Кирш пишет, что глобальность романа определяется мировоззрением автора, то есть это текст на стыке культур, написанный автором, говорящим более чем на одном языке и использующим возможности нескольких культур и языков. К глобальным романистам Кирш относит Орхана Памука, Харуки Мураками и Роберто Боланьо. А Максин Хонг Кингстон в своем эссе называет Салмана Рушди.
И вот здесь я уже окончательно запутался, потому что мне стало ясно, что и Кирш, и Кингстон валят все в одну кучу и никаких четких маркеров, кроме мультикультурности автора, у них нет. Потому что если говорить о Рушди, то его романы – это постколониальная литература, и даже романы Памука с кучей оговорок, конечно, но тоже постколониальные, они об отношениях Востока и Запада. И вся штука в том, что у постколониальной литературы своя богатая история и довольно четкие маркеры, по которым ее можно опознать.

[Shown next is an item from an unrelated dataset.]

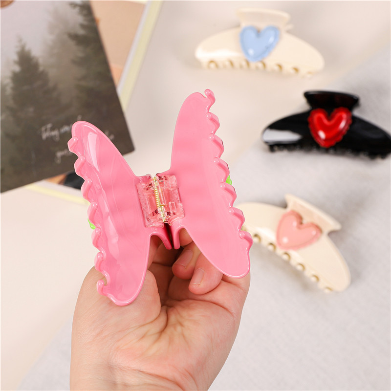 Pink-Green Heart Thickened Claw Clip 9.5cm

Я подумал, что для наглядности, чтобы понять, что же такое глобальный роман, я мог бы начать с романов постколониальных и от них постепенно прийти к романам глобальным и на контрасте между ними попытаться определить, существует ли вообще в природе глобальный роман, или это просто частный случай романа постколониального.
Постколониальный роман – это в первую очередь британский феномен, ну, просто в силу того, что у Британии было больше всех колоний. В ХХ веке, когда колонии наконец обрели независимость, колониализм закончился и начался, скажем так, расцвет постколониальной литературы, то есть литературы, осмысляющей процесс вот этого, прости господи, геополитического сдвига. Если колониальная литература, условно тот же Киплинг, – это взгляд белого человека, захватчика, который пришел учить «дикарей» жить, то постколониальная опрокидывает эту систему, она рассказывает о жизни глазами этого самого в кавычках дикаря, о жизни человека в стране, с одной стороны, освободившейся от гнета империи, а с другой – все еще находящейся с этой империей в очень странном симбиозе. В первую очередь это касалось Индии и Пакистана. И если мы посмотрим на шорт-листы Букера за последние, например, тридцать лет, то увидим там очень много авторов, осмысляющих эту новую жизнь между культурами. Аравинд Адига, Санджив Сахота, Киран Десаи – это очень длинный список.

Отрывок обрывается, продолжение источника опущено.